[SOURCE RECORDS]:

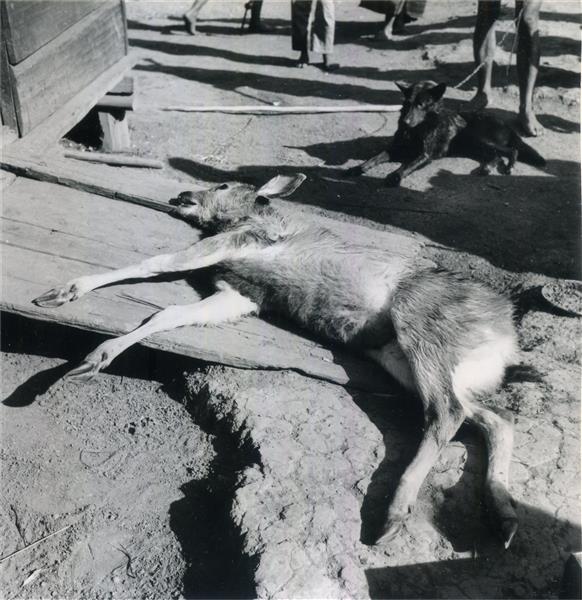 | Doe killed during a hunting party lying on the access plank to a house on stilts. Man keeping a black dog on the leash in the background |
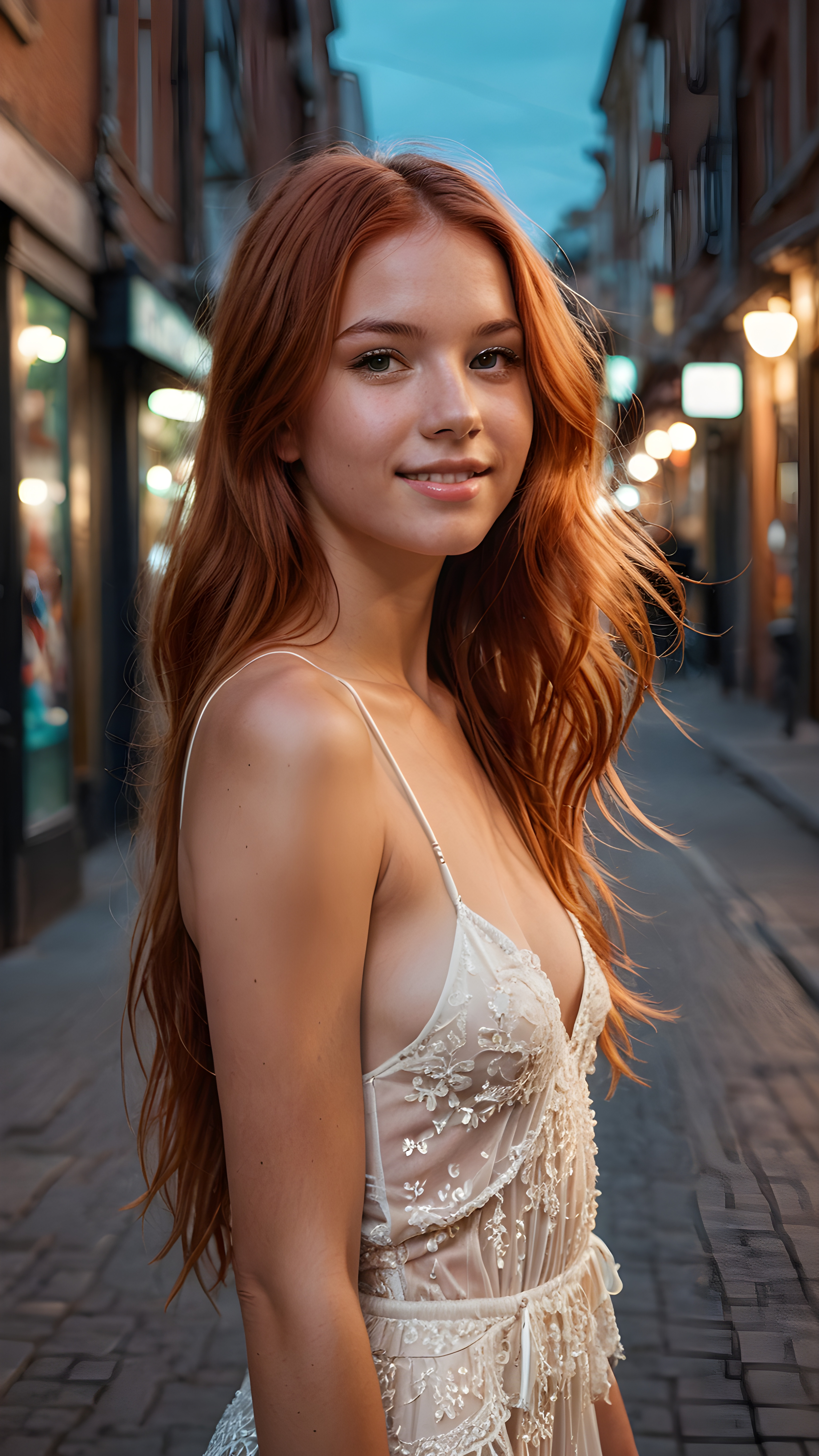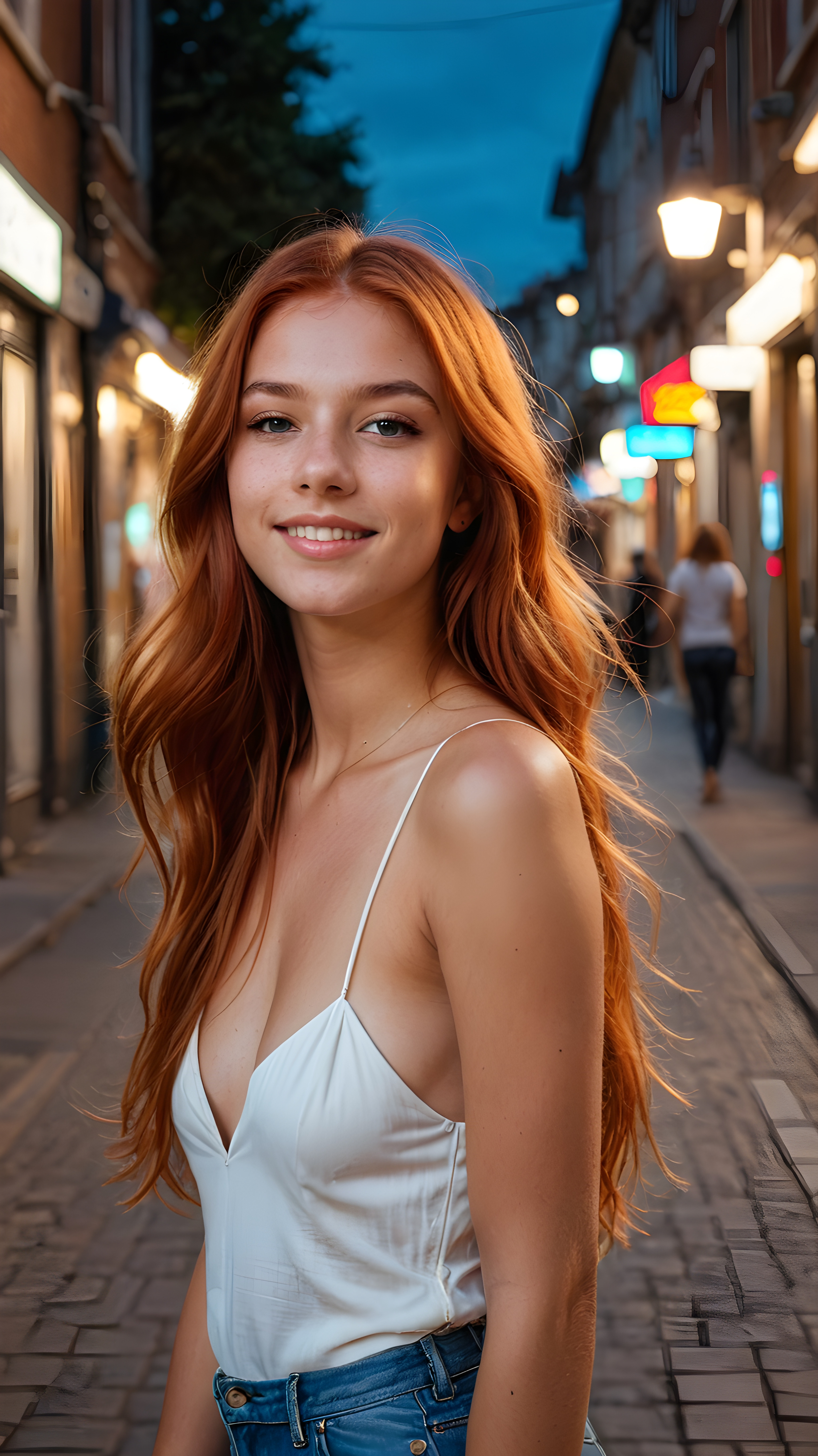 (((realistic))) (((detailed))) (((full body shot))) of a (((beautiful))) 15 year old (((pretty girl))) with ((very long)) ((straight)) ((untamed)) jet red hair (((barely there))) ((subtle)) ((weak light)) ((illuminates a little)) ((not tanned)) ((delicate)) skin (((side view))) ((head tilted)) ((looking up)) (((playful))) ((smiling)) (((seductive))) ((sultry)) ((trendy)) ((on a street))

--

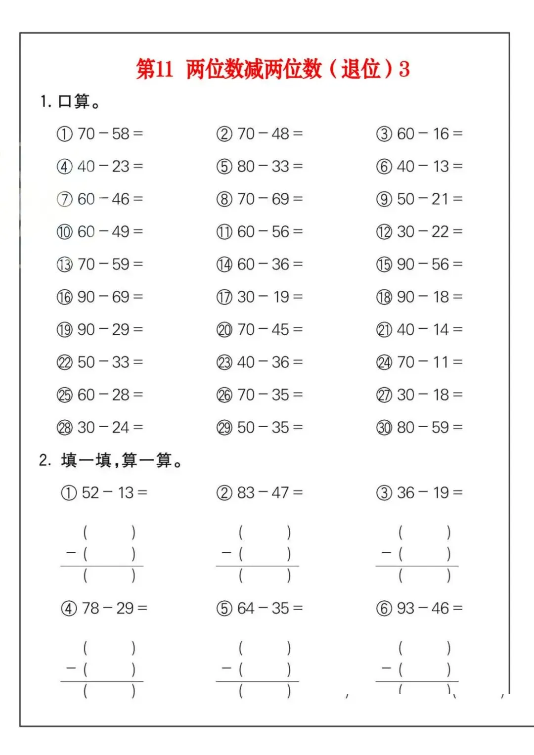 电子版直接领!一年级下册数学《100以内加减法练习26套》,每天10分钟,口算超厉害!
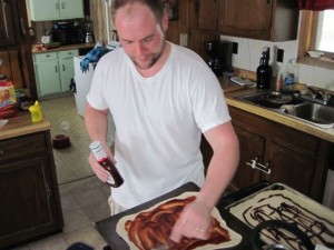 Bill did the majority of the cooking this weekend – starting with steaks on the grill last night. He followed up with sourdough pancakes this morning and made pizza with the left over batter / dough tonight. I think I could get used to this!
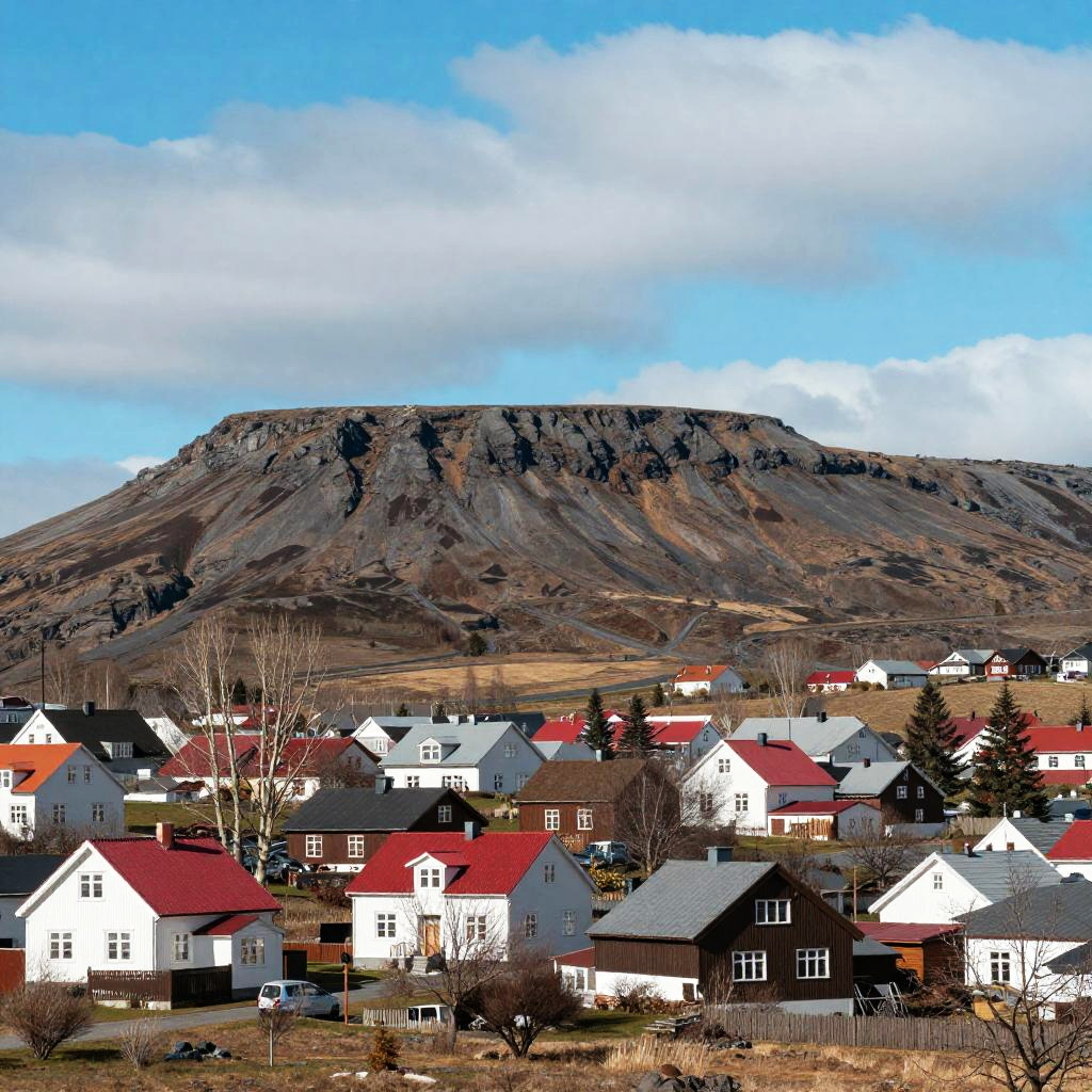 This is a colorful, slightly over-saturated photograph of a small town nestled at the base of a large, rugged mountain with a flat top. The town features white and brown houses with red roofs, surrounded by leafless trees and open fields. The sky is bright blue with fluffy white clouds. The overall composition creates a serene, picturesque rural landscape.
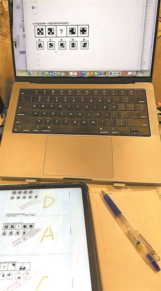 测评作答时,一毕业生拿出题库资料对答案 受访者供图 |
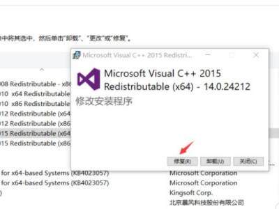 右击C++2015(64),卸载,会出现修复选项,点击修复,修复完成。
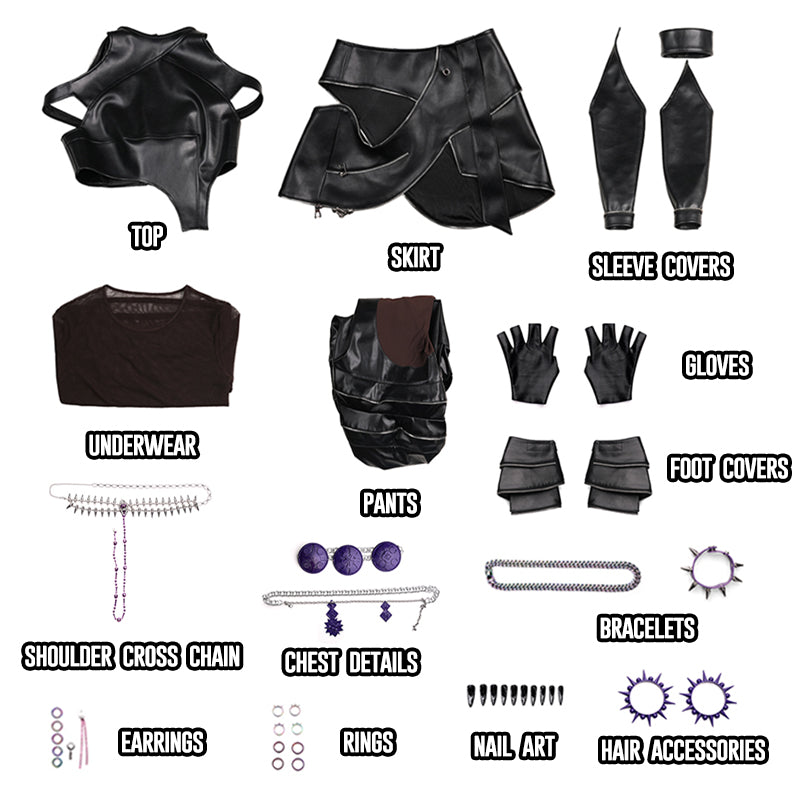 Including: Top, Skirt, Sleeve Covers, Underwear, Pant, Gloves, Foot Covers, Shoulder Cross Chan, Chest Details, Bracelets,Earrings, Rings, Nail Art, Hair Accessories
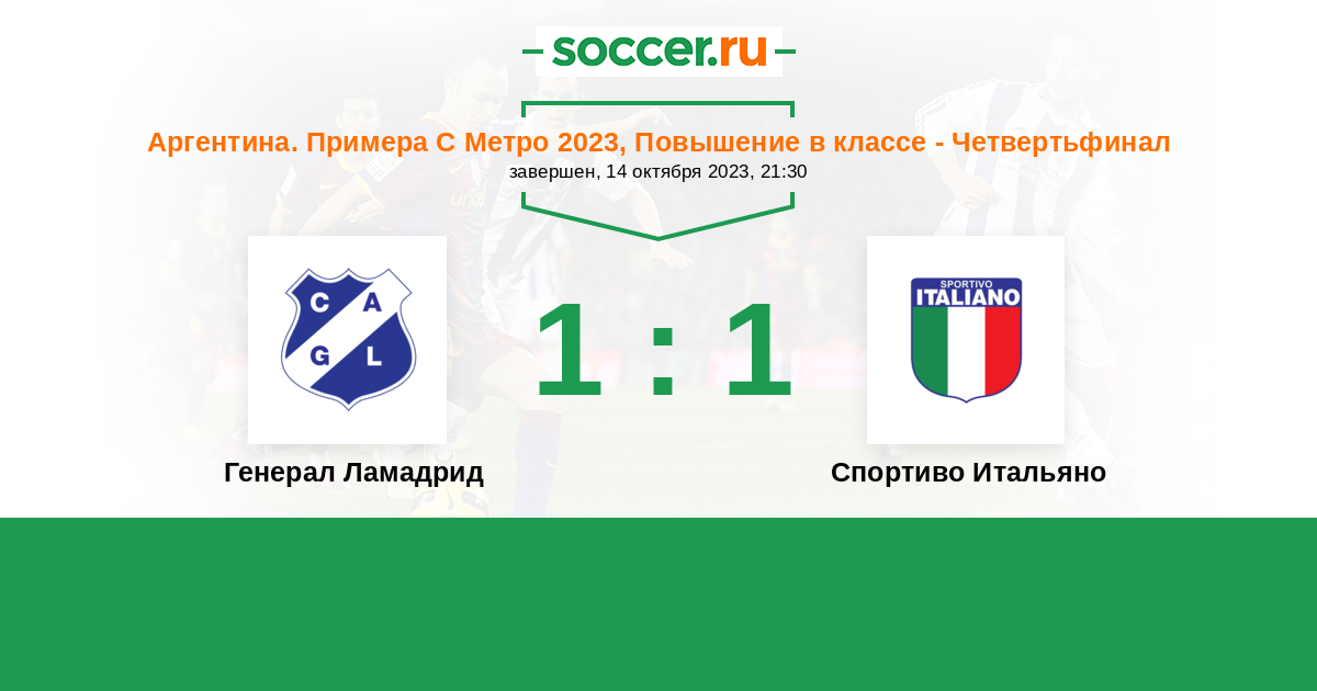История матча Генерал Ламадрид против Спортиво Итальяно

==

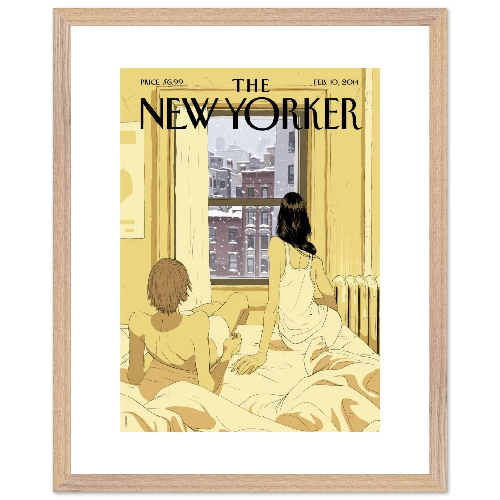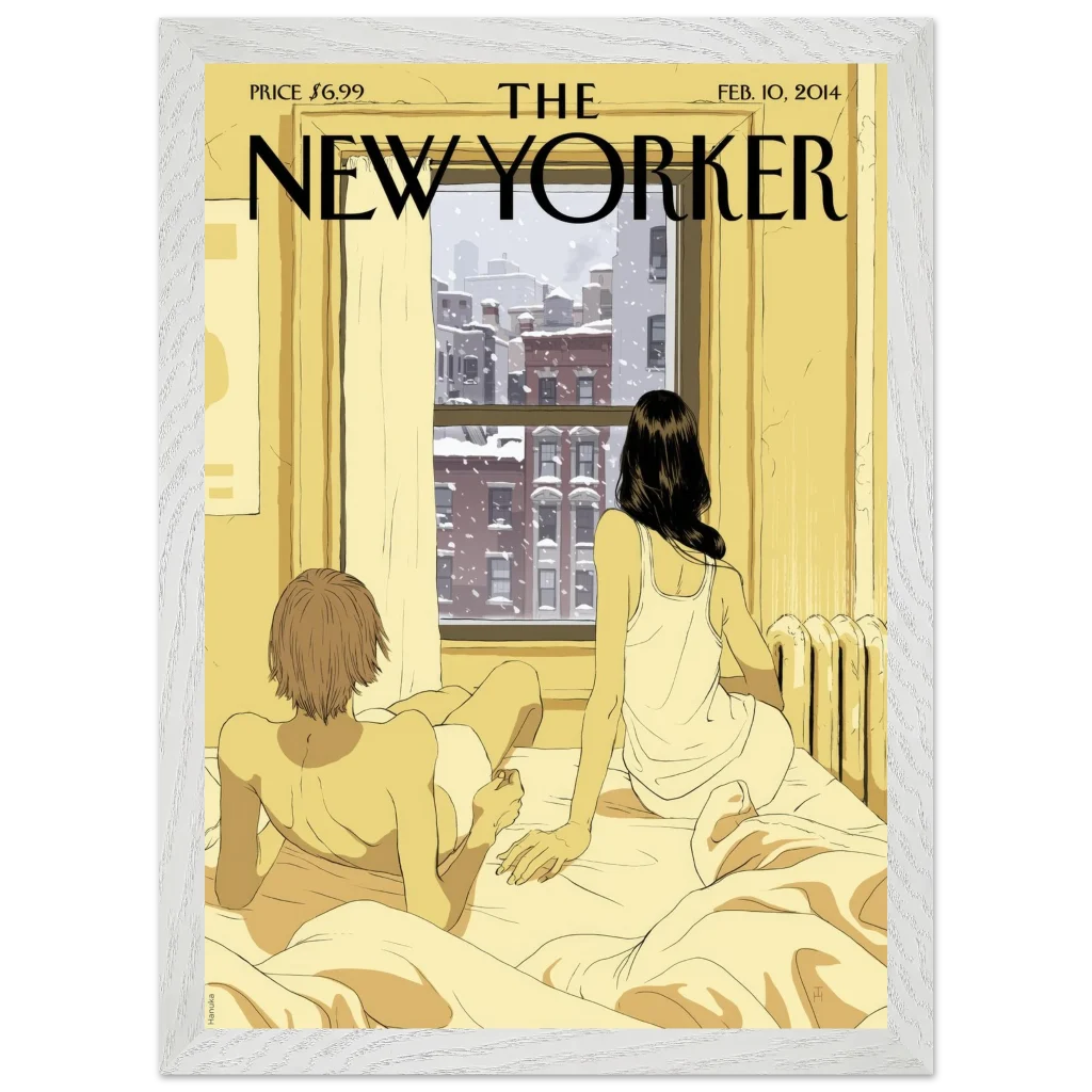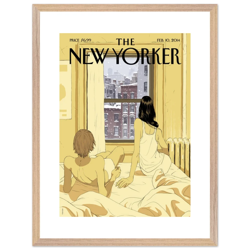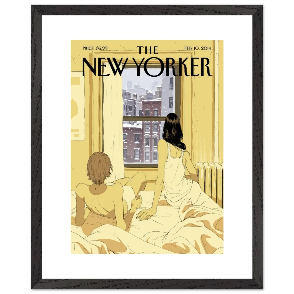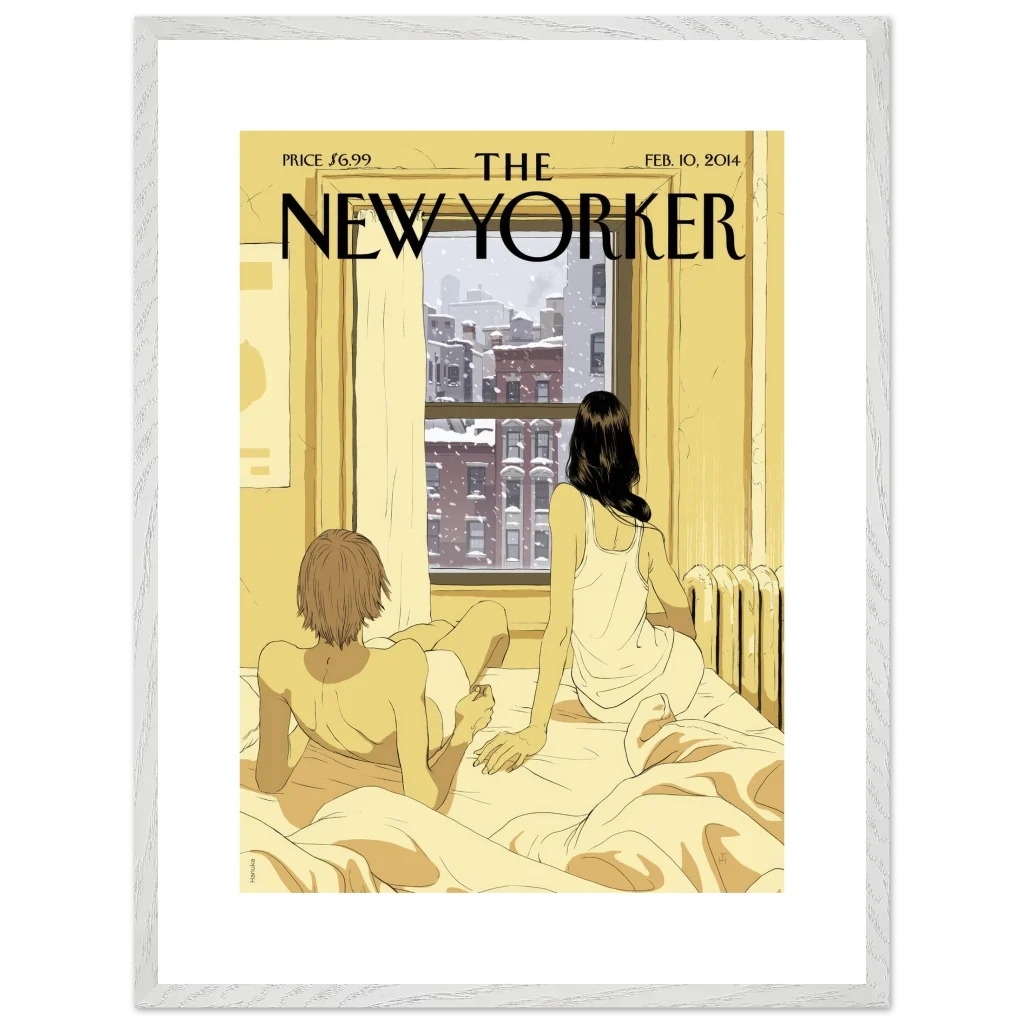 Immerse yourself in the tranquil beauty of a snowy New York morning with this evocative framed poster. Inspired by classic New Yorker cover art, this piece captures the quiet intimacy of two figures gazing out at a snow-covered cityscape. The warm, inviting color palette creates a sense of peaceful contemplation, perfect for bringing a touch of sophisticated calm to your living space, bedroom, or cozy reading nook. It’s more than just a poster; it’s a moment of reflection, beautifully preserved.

[YOUR ASSIGNMENT]: Return exactly the lines of the material above, starting at the line containing "the background |" and finishing at the line containing "(((realistic))) (((detailed))) (((full", without any pictures.

[TASK ANSWER]:
 | Doe killed during a hunting party lying on the access plank to a house on stilts. Man keeping a black dog on the leash in the background |
 (((realistic))) (((detailed))) (((full body shot))) of a (((beautiful))) 15 year old (((pretty girl))) with ((very long)) ((straight)) ((untamed)) jet red hair (((barely there))) ((subtle)) ((weak light)) ((illuminates a little)) ((not tanned)) ((delicate)) skin (((side view))) ((head tilted)) ((looking up)) (((playful))) ((smiling)) (((seductive))) ((sultry)) ((trendy)) ((on a street))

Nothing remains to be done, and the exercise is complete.